The testing and thinking paid off, and Makers Empire (hold the apostrophe) found its niche: today, it develops and distributes extremely easy-to-use software learning programs for use in primary and middle schools, which introduces kids (and their teachers) to the glorious third dimension. “It’s everything you need to get your school started with 3D printing,” explains Roland, Chief Technology Officer of the company.
With the learning program, kids are able to both study 3D printing technology, as well as create their own 3D models with the company’s building app. “In the first [pilot] lesson we saw just how engaged and motivated the kids were by the technology. It really seems to give them the spark,” says Roland.
The Makers Empire product is today used in schools across Australia, Hong Kong, and South Korea, with a distribution deal for the United States freshly signed. A successful pilot program introducing Makers Empire to several New York state schools has been running since January this year, and a deal with a Malaysian company to develop 3D printed components for toy robots is also underway.
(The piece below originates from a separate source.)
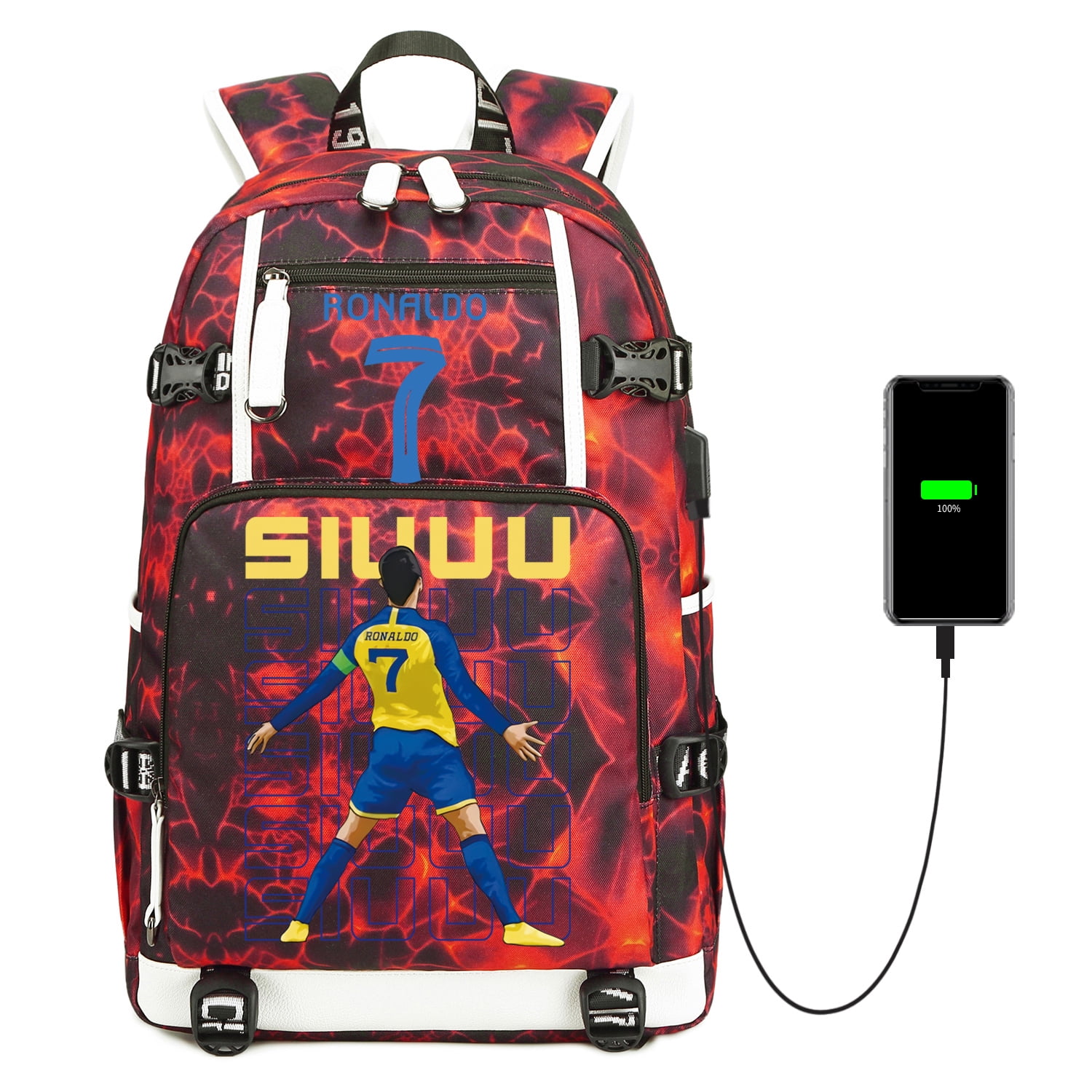 Cristiano Ronaldo Inspired Backpack Waterproof USB For School Camp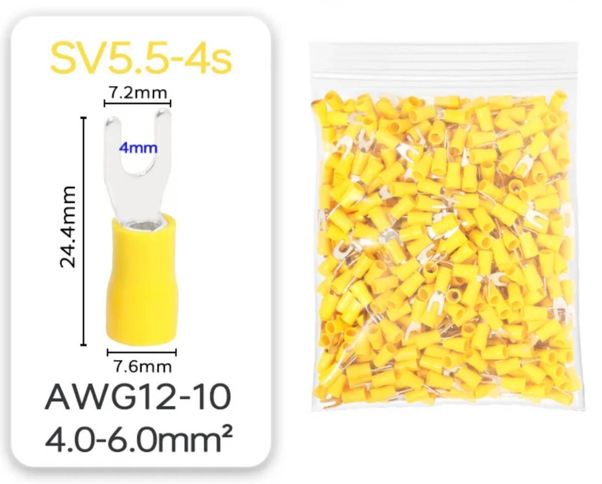 フォーク型圧着端子 Y字コネクタ 真鍮製 M4 AWG 10-12ワイヤー用 SV5.5-4S 10個セット 收藏

Roland says that the timing of the software has been a key to its success. “We went to EduTECH [the country’s biggest education technology conference] last year,” he says, “and most schools had heard of 3D printers, but they hadn’t seen them. We went again this year, and half of them have got the printers now, and there were ten times as many [3D printing] companies there selling things”.
There was also local help along the way. In the early days of the company, Makers Empire won a spot in the ANZ Innovyz START program, a start-up accelerator scheme that puts up-and-coming entrepreneurs together with experienced mentors and investors. From there, the Makers team has secured a string of private investments and state and federal grants, including a recent grant from the SA Micro Finance Fund.
Of course, the greatest fear for all businesses staking their claim on developing technologies is that they may be abruptly usurped by sudden technological breakthroughs – consider the fate of the poor Minidisc, the next-biggest-thing of the 1990s, until mp3s arrived and rendered them obsolete.
“If we’re not careful, we could easily be leapfrogged,” Jon acknowledges. “So we have to keep our heads up, and continue to be innovative.”
That’s no easy task, but the company’s increasing international foothold affords them the ability to stay on the very edge of industry trends and tailor their product for a range of different markets. With that behind them, innovation should come naturally – whatever the dimension.